BRIEF DESCRIPTION OF THE DRAWINGS


FIG. 1.1. CCE experiment on live oil at 303° F. Relative volume as a function of pressure.



FIG. 1.2. CCE experiment on live oil at 303° F. Oil compressibility as a function of pressure.



FIG. 2.1. CCE experiment of live oil/FC-40 fluid system at 303° F. Relative volume as a function of pressure.



FIG. 2.2. CCE experiment of live oil/FC-40 fluid system at 303° F. Oil/FC-40 compressibility as a function of pressure.



FIG. 3. PICTURE 1: Oil before contact with FC-40.



FIG. 4. PICTURE 2: Initial contact with FC-40.



FIG. 5. PICTURE 3: Oil/FC-40 initial interface (no mixing).



FIG. 6. PICTURE 4: Oil/FC-40 dispersion layer (no mechanical mixing).



FIG. 7. PICTURE 5: Oil/FC-40 dispersion layer 2 (no mechanical mixing).



FIG. 8. PICTURE 6: Initiate mechanical mixing.

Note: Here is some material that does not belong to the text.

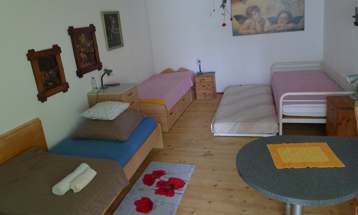 Our basement apartment is ideal for solo travelers or business people looking for a cozy temporary home. It offers one bedroom, a living room, a separate kitchen and a private bathroom. Outside there is a seating area – perfect for relaxing in the fresh air. In the hallway there is a dresser, in the bedroom a wardrobe. In the living area you will find a desk for working and a sideboard with TV. Of course, Wi-Fi is free.
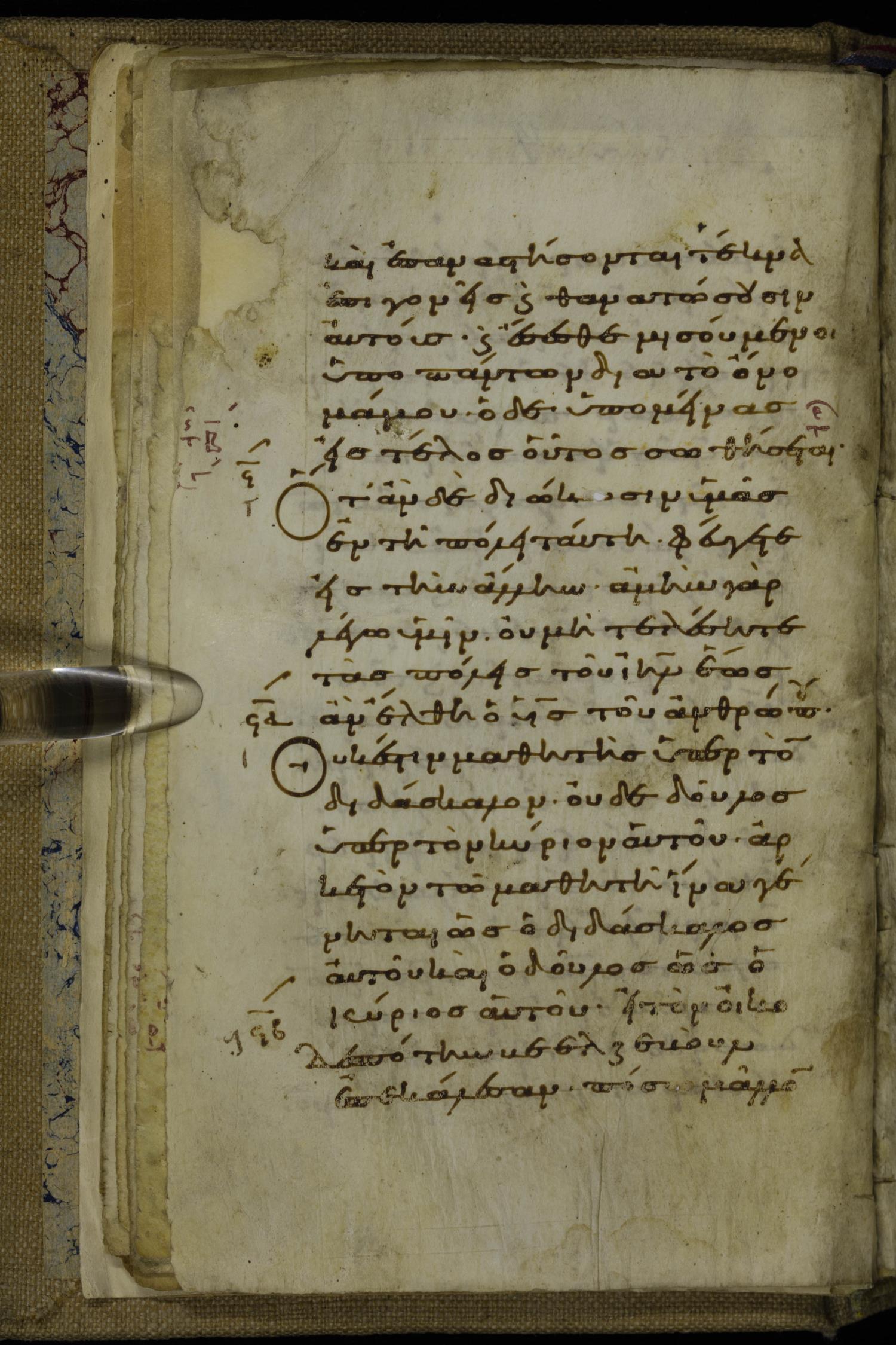 Tenth century minuscule of the Gospels on parchment; 220 leaves, 1 column, 20-21 lines per column. Images were taken at the National Library of Greece in Athens.

FIG. 9. PICTURE 7: Oil/FC-40 interface fluid change during mechanical mixing.



FIG. 10. PICTURE 8: Oil/FC-40 interface after aging overnight.



FIG. 11. PICTURE 9: Oil/FC-40 interface at saturation pressure.



FIG. 12. PICTURE 10: Oil/gas interface at saturation pressure.



FIG. 13. PICTURE 11: FC-40 after flashing from cell.





DETAILED DESCRIPTION OF THE DISCLOSURE

To further advance our sealed cell development work, an experiment was devised to understand liquid and gas phase hydrocarbon solubilities in FC-40 (FLUORINERT™). Previous accepted industry standards for oil solubilities in FC-40 (e.g., none) were established at atmospheric temperature and pressure conditions. However, due to the nature of the sealed cell acquisition and laboratory procedures, FC-40, reservoir samples and associated hydrocarbons are in contact with each other at pressures and temperatures in great excess of those used to establish the original solubility standards. Thus, we suspected that the prior data is not accurate.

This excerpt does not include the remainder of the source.